On aurait aimé s'embraser pour ce film, brûler d'admiration devant cette illustration de la vie d'une caserne de pompiers, tant sont grandes l'estime et la gratitude vouées à ce corps de métier, à ces soldats qui rejoignent celles et ceux qu'ils secourent au cœur du trauma...
Malheureusement, en accord avec le triste adage, trop souvent vérifié, selon lequel "Trop de ... tue...", ici, trop d'admiration tue l'admiration. En effet, la galerie de portraits brossés par Pierre Jolivet campe une série de soldats du feu tellement héroïsés que, au lieu de susciter l'adhésion pâmée du spectateur, elle provoque plutôt une forme de décrochage. Pourtant, différentes intrigues sont sagement entremêlées, à la faveur des diverses interventions ou enquêtes. La plus intéressante d'entre elles concerne sans doute le jeune pyromane, adolescent autrefois adopté, et l'étrange rituel d'exorcisme que lui propose le chef des pompiers, intense Roschdy Zem au regard plus charbonneux que jamais.

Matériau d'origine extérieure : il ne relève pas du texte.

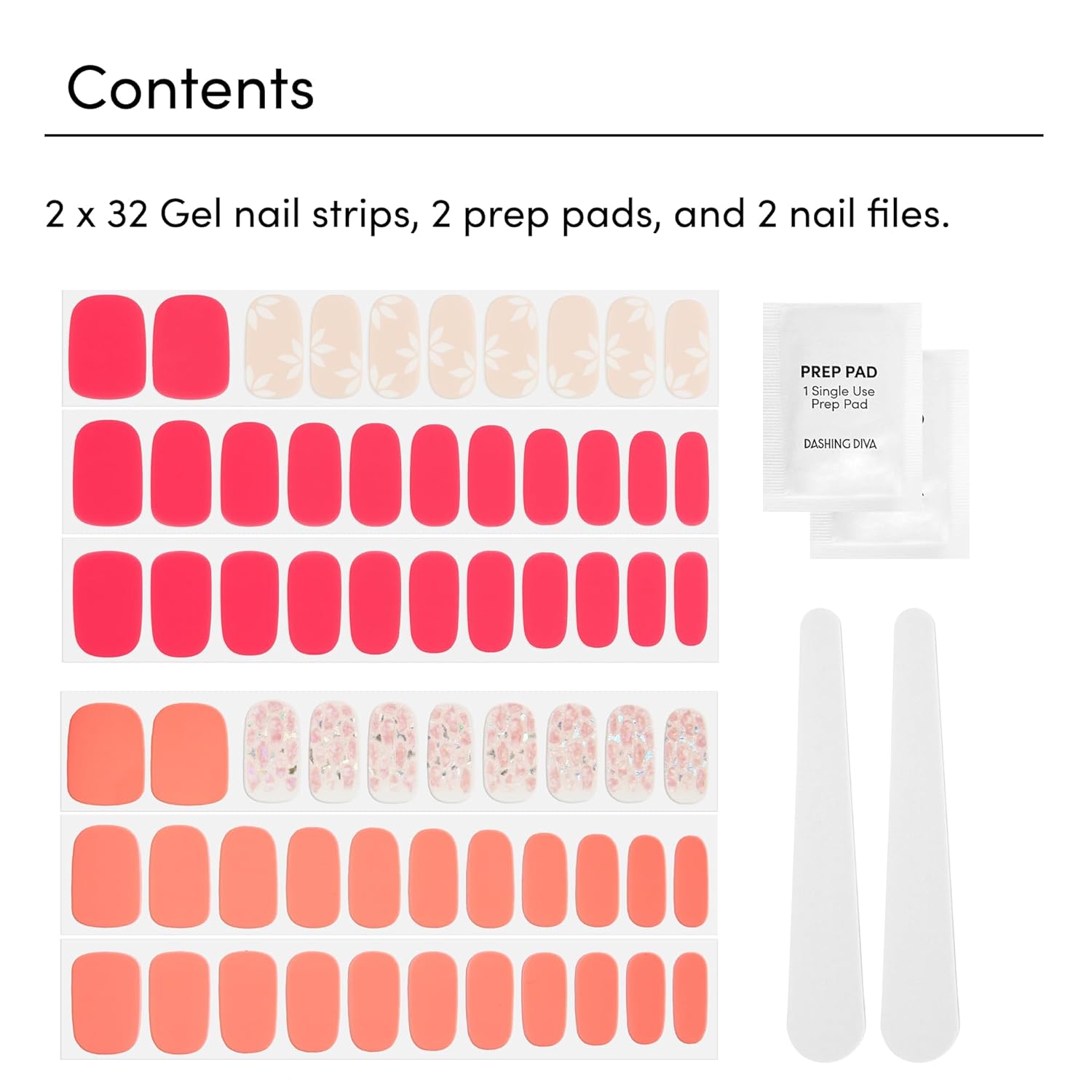 - Includes: 2 x Gel Strip Sets. Each set includes 32 gel manicure strips (20 base color, 12 accent), 1 prep pad, 1 nail file. Easily remove nail strips with nail oil or acetone

Mais les différentes figures sont trop parfaites jusque dans leurs imperfections : une faute professionnelle, aussitôt assumée, est accompagnée de trop de remords et de démarches de réparation ; le super-pompier, revenant épuisé d'une chaude intervention, parvient encore à honorer son épouse en mal d'enfant, dans la "fenêtre" propice à une fécondation ; l'odieux collègue finit par confesser ses torts, ses incapacités, et tous les conflits levés dans le déroulement du film se résolvent dans un sourire, voire un éclat de rire...
Il n'en reste pas moins que ce dernier opus en date de Pierre Jolivet a le mérite de porter son regard sur un groupe social insuffisamment au cœur des caméras et d'exposer clairement toute l'étendue et la difficulté de son champ d'action. Mais on se surprend à désirer qu'un documentaire s'empare un jour de ce sujet, pour y faire flamboyer toute l'humaine complexité et entraîner véritablement le spectateur au cœur de l'enfer du feu.